SOURCE / MARKETS
Copper nears three-year top on rosier China economy
Published: Oct 16, 2017 06:08 PM
London copper prices rose to near three-year highs on Monday, underpinned by improving manufacturing profits in China that pointed to a robust economy in the world's top user of metals.

China's producer price inflation unexpectedly accelerated to a six-month high in September as a construction boom shows no signs of abating and as a government crackdown on air pollution triggers fears of winter shortages and frenzied jumps in commodity prices.

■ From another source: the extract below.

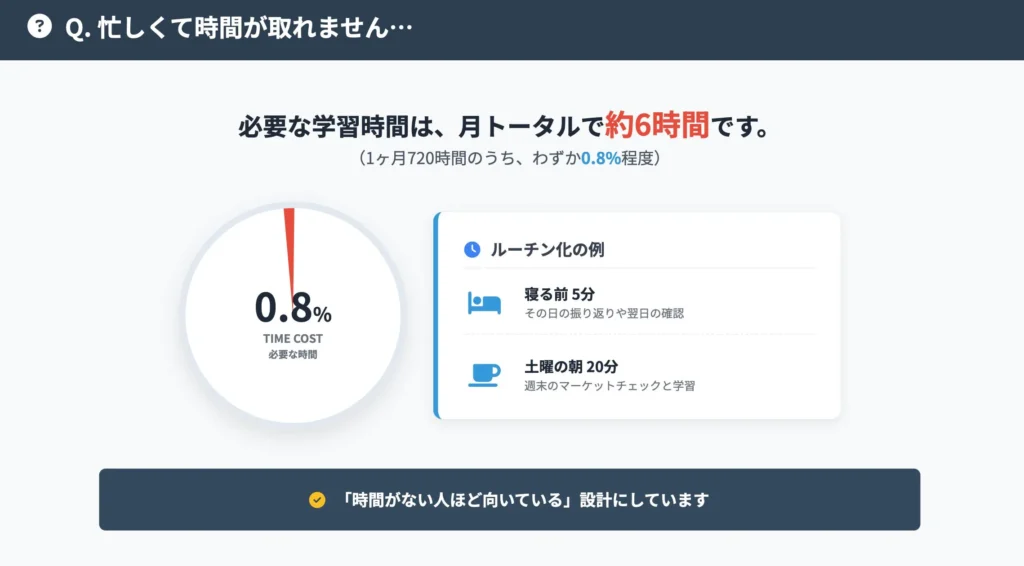 わからないところは、私自身が直接回答します。 だから誰でも、「自分でもできる!」を実感できる環境があります。

The inflation reading followed data showing China's copper imports surged in September, fueling optimism about demand, said analyst Helen Lau of broker Argonaut Securities in Hong Kong.

China's copper imports surged by 26.5 percent in September from a year ago, customs data showed.

China's economy is expected to grow 7 percent in the second half of this year, said Zhou Xiaochuan, governor of the People's Bank of China, the country's central bank.

"Based on these quite solid fundamentals, people will react very positively to any newsflow on copper," said Lau.

London Metal Exchange copper rallied by 0.8 percent to $6,941 after closing little changed in the previous session. Prices earlier struck their loftiest in a month at $6,955.50, closing in on a three-year top of $6,970 a ton hit on September 5.

Shanghai Futures Exchange copper struck at 55,290 yuan ($8,402), posting a four and a half year high, before moderating back to 55,060 yuan a ton.

Hedge funds and money managers raised their net long positions in copper futures and options for the first time in five weeks in the week leading up to October 10, US Commodity Futures Trading Commission data showed on Friday.